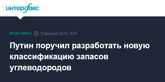 Москва. 13 февраля. INTERFAX.RU - Президент РФ Владимир Путин на заседании комиссии по топливно-энергетическому комплексу поручил разработать новую классификацию запасов углеводородов, приближенную к западной.
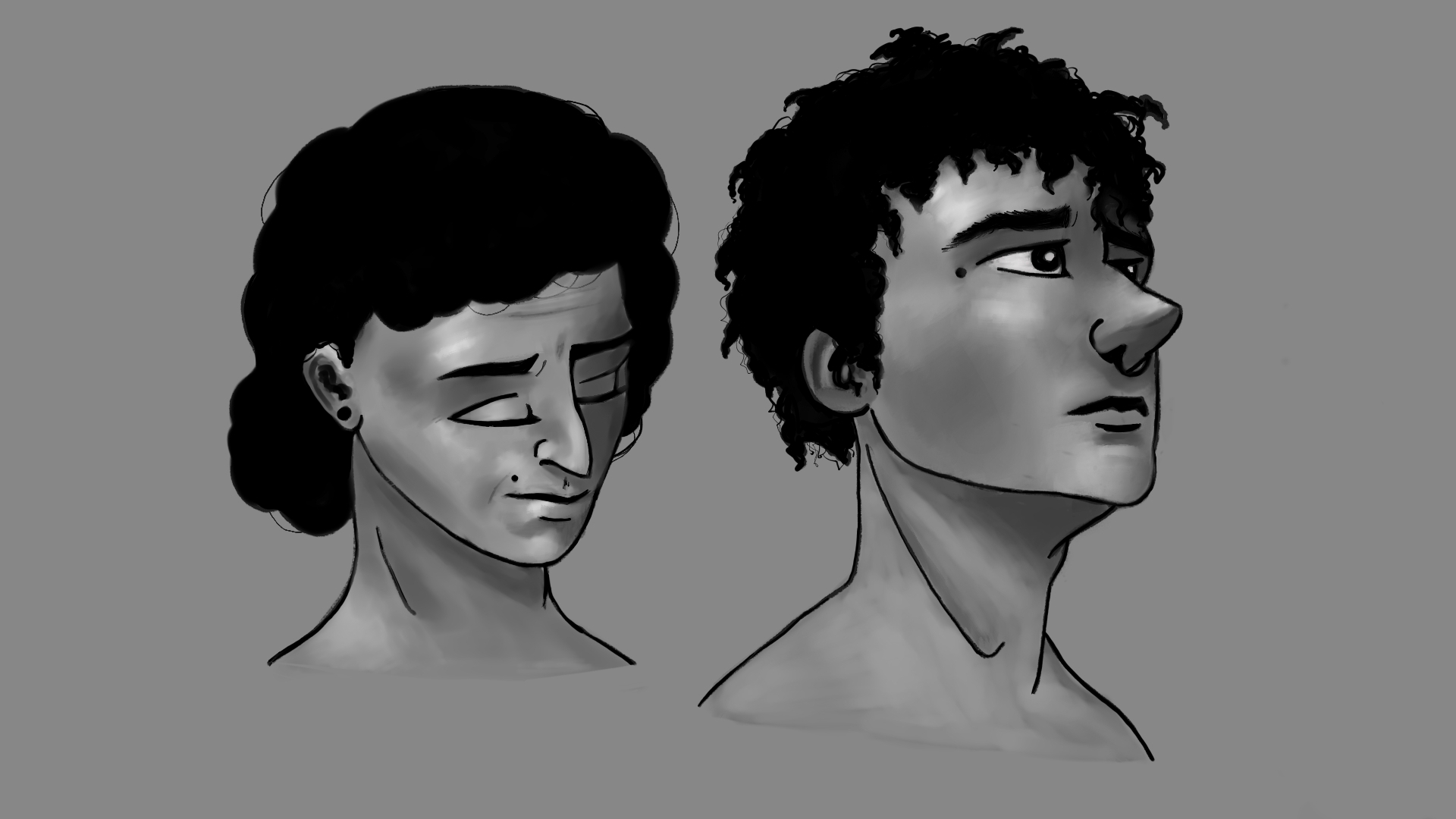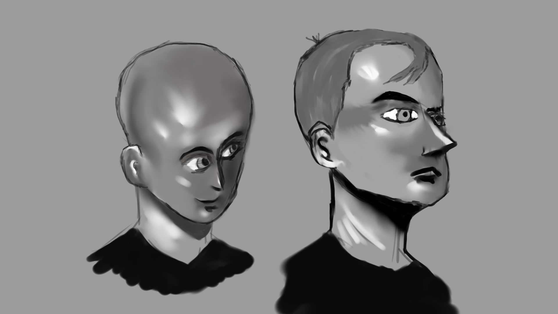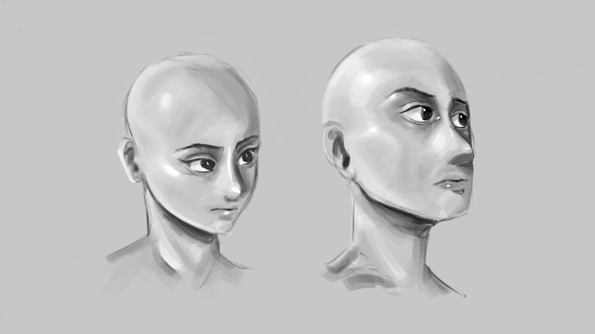 Maintenant pour la mise en lumière, les volumes sont bien placés, mais attention, les contrastes font presque métalliques. vu l'angle de la lumière, presque toute la moitié gauche des visages devrait être dans des tons clairs presque uniformes, sauf sous les arcades, sous le nez... n'oublies pas que la peau est un matérieau non métallique, et d'autant plus diffus que la peau est partiellement translucide. même lorsqu'il y a une brillance (quand elle est mouillée, ou grasse) ça fait surtout des reflets spéculaires, mais les zones de lumières restent quasi unies. le vrai contraste se fait avec les zones sombres, qui "regardent" à l'opposé de la source lumineuse.
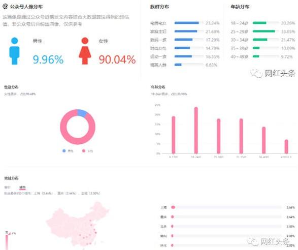 从数据我们可以看出不管是公众号还是抖音,90%的用户都为女性,用户最多的城市也大多在北上广城市。
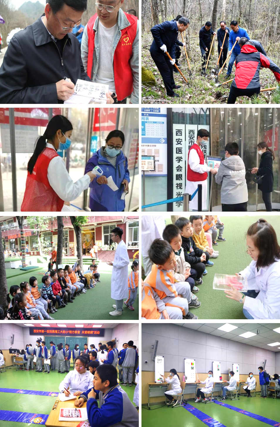 邀请团省委书记段小龙赴佛坪县秦岭观音山国家自然保护区参加“植百棵树守护秦岭,青年向上迎建党百年”主题团日活动,引领师生党员积极传播绿色理念、倡导生态保护,建设美丽秦岭;与开云kaiyun官方网站附属第一医院·西安市第一医院联合开展志愿导诊活动,组织学生志愿者利用课余时间,在附属第一医院门诊部为就诊患者提供便捷服务,体味医者仁心;与开云kaiyun官方网站附属幼儿园携手开展生命科学与医学小课堂活动;赴西安理工大学附属小学开展“视力普查关爱眼睛”眼科义诊活动,为全校2700多名学生进行视力筛查。
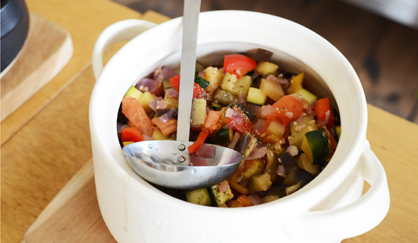 そこに夏野菜たっぷりのラタトゥイユをかけていただきます。
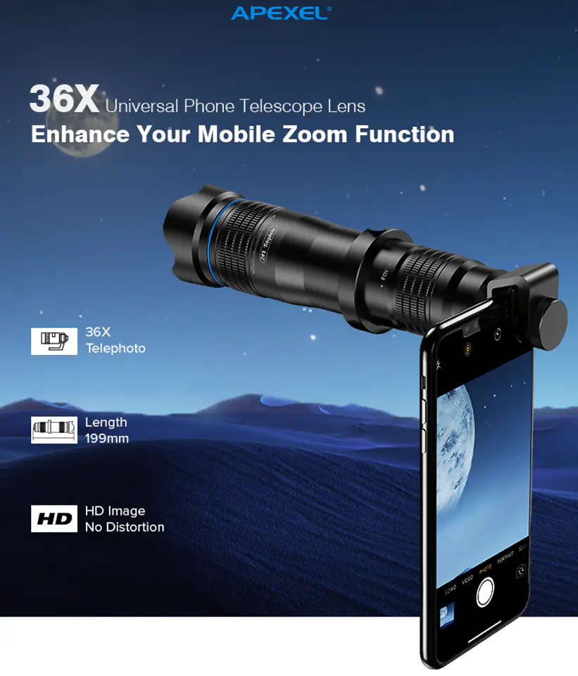 Teleobiektyw do telefonu z powiększeniem 36x + statyw APL-20-36XJJ04
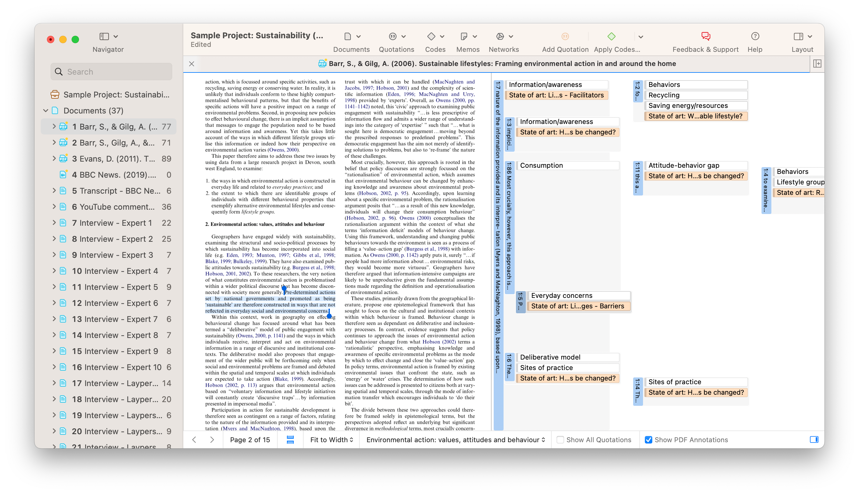 ATLAS.ti users enjoy a greater degree of flexibility with PDF files. Comments in PDF files are preserved as quotations, which can be useful for literature reviews and smoothly transferring initial qualitative analyses from raw PDFs straight into ATLAS.ti.
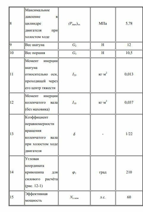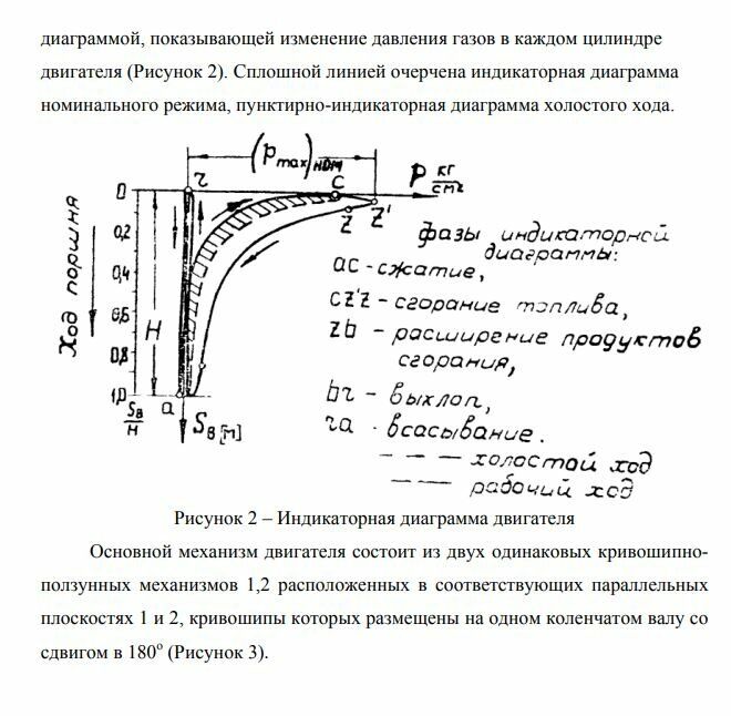 Двухосный грузовой автомобиль средней грузоподъемности приводится в движение двигателем внутреннего сгорания мощностью в 60-70 л с. и может развивать скорость до 120 км/час. Колесный ход автомобиля (рисунок 1) состоит из силовой установки (двигатель 1 с маховиком) и трансмиссии, включающей муфту сцепления, коробку передач 2, карданный вал 3 с дифференциалом в ведущие колеса 4.Двигатель установки четырехтактный, двухцилиндровый с вертикальным рядным расположением цилиндров и водяным охлаждением. Различают два режима работы двигателя: 1) при холостом ходе, когда муфта сцепления выключена, и 2) при движении автомобиля (номинальный режим), когда муфта сцепления соединяет коленчатый вал с остальными механизмами автомобиля. Рабочий цикл в каждом цилиндре двигателя совершается за 2 оборота коленчатого вала и характеризуется индикаторной диаграммой, показывающей изменение давления газов в каждом цилиндре двигателя (Рисунок 2). Сплошной линией очерчена индикаторная диаграмма номинального режима, пунктирно-индикаторная диаграмма холостого хода.

::::::::::

- [Try it]
In the records above, find the line with "Maintenant pour la". Print exactly from there through the line with "从数据我们可以看出不管是公众", minus the pictures.

- [The completed task]
 Maintenant pour la mise en lumière, les volumes sont bien placés, mais attention, les contrastes font presque métalliques. vu l'angle de la lumière, presque toute la moitié gauche des visages devrait être dans des tons clairs presque uniformes, sauf sous les arcades, sous le nez... n'oublies pas que la peau est un matérieau non métallique, et d'autant plus diffus que la peau est partiellement translucide. même lorsqu'il y a une brillance (quand elle est mouillée, ou grasse) ça fait surtout des reflets spéculaires, mais les zones de lumières restent quasi unies. le vrai contraste se fait avec les zones sombres, qui "regardent" à l'opposé de la source lumineuse.
 从数据我们可以看出不管是公众号还是抖音,90%的用户都为女性,用户最多的城市也大多在北上广城市。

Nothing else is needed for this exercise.